PROBLEM TO WORK ON - Every word in the data below belongs in your copy, exactly as given; the pictures do not.

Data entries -
········

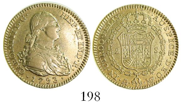 Madrid, Spain, bust 2 escudos, Charles IV, 1793MF. CT-326; KM-435.1. 6.73 grams. Lightly polished AU with small lamination on part of reverse rim.
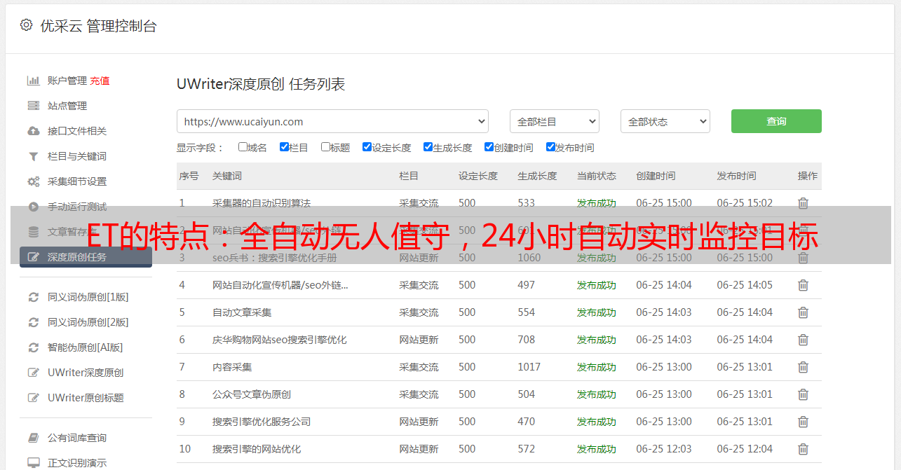 优采云 发布时间: 2021-08-27 05:04ET的特点:全自动无人值守,24小时自动实时监控目标
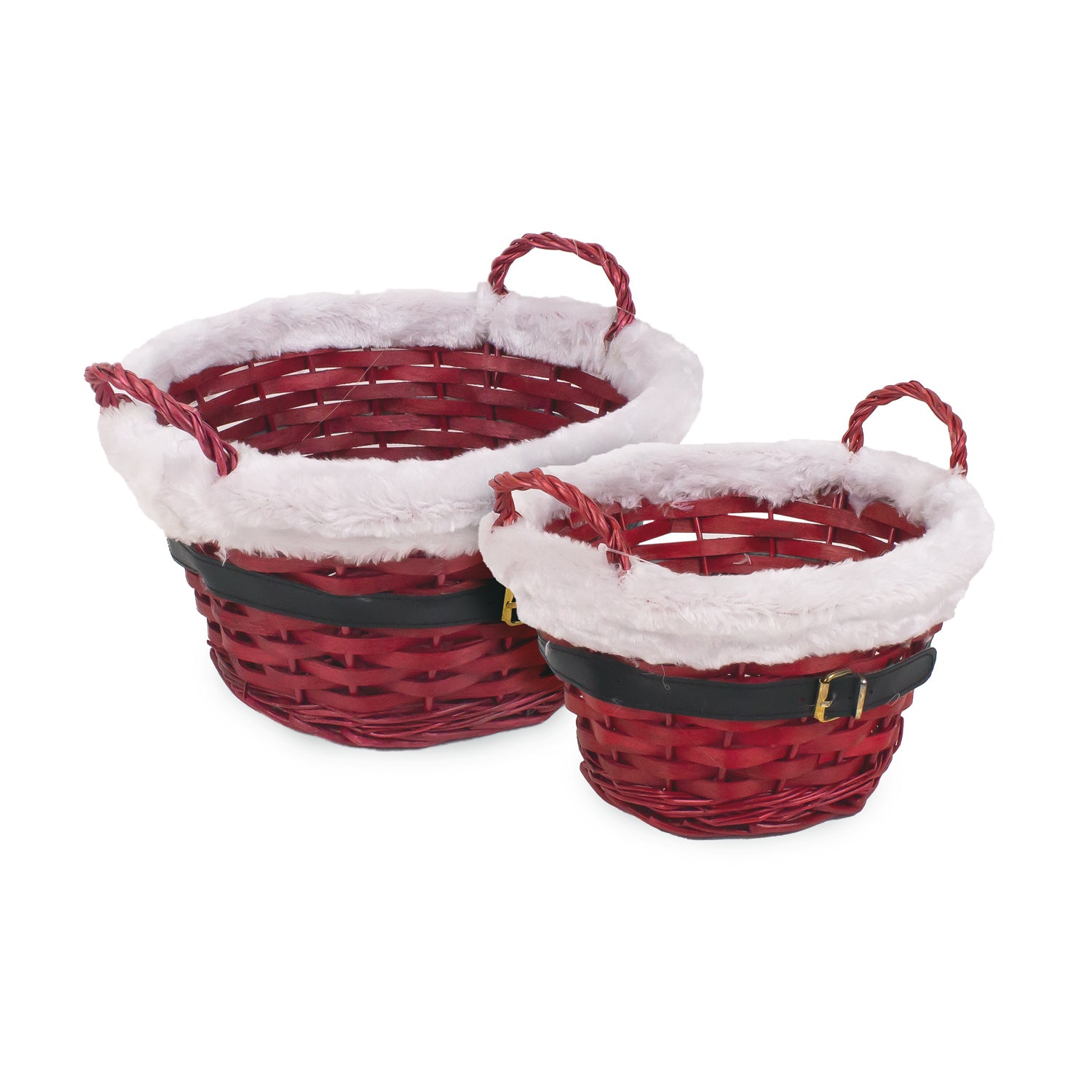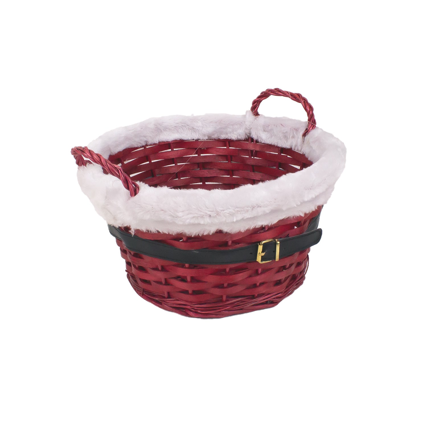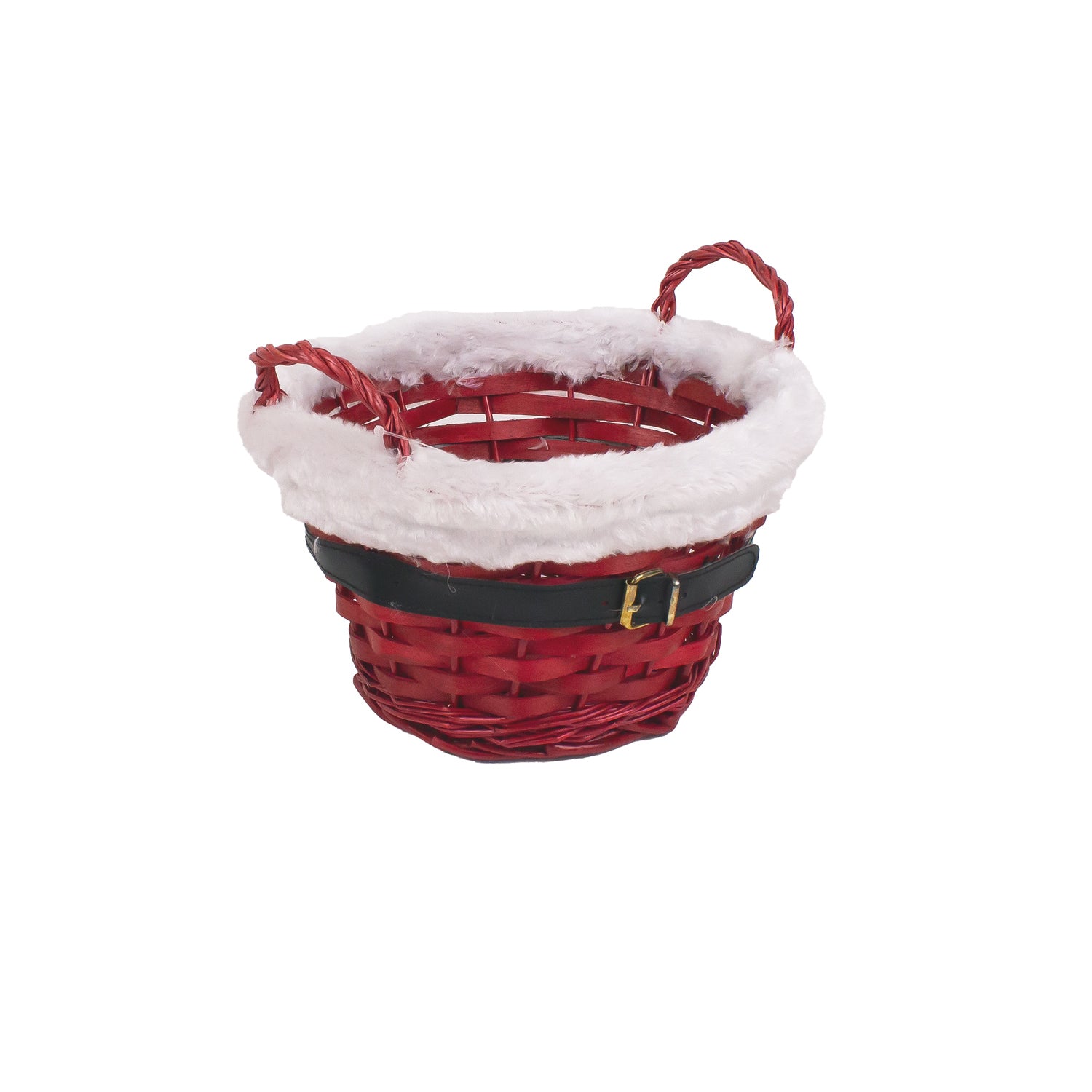 Ajoutez une touche festive à vos emballages avec ces paniers rouges inspirés du Père Noël, ornés de garnitures en fausse fourrure blanche et d’une ceinture noire. Disponibles en plusieurs tailles.
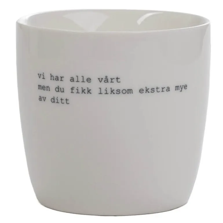 Trygve Skaug krus vi har alle vårt 30 cl i hvit. Med en varm og ærlig tekst fra Trygve Skaug – «vi har alle vårt, men du fikk liksom litt ekstra mye av ditt» – byr dette håndlagde kruset fra Sögne Home på mer enn bare funksjon. Det er en liten oppmuntring i porselen, perfekt som gave eller som daglig påminnelse om omsorg.
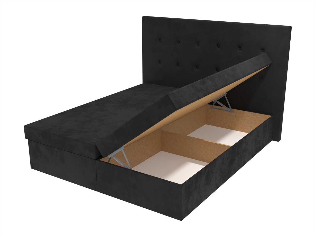 Pohodlná celočalúnená dvojposteľ pre Vašu relaxáciu a odpočinok. Dvojposteľ má pevnú konštrukciu z drevotrieskových dosiek. Okrem pohodlného ležania ponúka aj bohatý úložný priestor, otvárajúci sa kvalitným pružinovým mechanizmom, do ktorého umiestnite periny, vankúše a ďalšie veci.

········

FINAL ANSWER -
 Madrid, Spain, bust 2 escudos, Charles IV, 1793MF. CT-326; KM-435.1. 6.73 grams. Lightly polished AU with small lamination on part of reverse rim.
 优采云 发布时间: 2021-08-27 05:04ET的特点:全自动无人值守,24小时自动实时监控目标
 Ajoutez une touche festive à vos emballages avec ces paniers rouges inspirés du Père Noël, ornés de garnitures en fausse fourrure blanche et d’une ceinture noire. Disponibles en plusieurs tailles.
 Trygve Skaug krus vi har alle vårt 30 cl i hvit. Med en varm og ærlig tekst fra Trygve Skaug – «vi har alle vårt, men du fikk liksom litt ekstra mye av ditt» – byr dette håndlagde kruset fra Sögne Home på mer enn bare funksjon. Det er en liten oppmuntring i porselen, perfekt som gave eller som daglig påminnelse om omsorg.
 Pohodlná celočalúnená dvojposteľ pre Vašu relaxáciu a odpočinok. Dvojposteľ má pevnú konštrukciu z drevotrieskových dosiek. Okrem pohodlného ležania ponúka aj bohatý úložný priestor, otvárajúci sa kvalitným pružinovým mechanizmom, do ktorého umiestnite periny, vankúše a ďalšie veci.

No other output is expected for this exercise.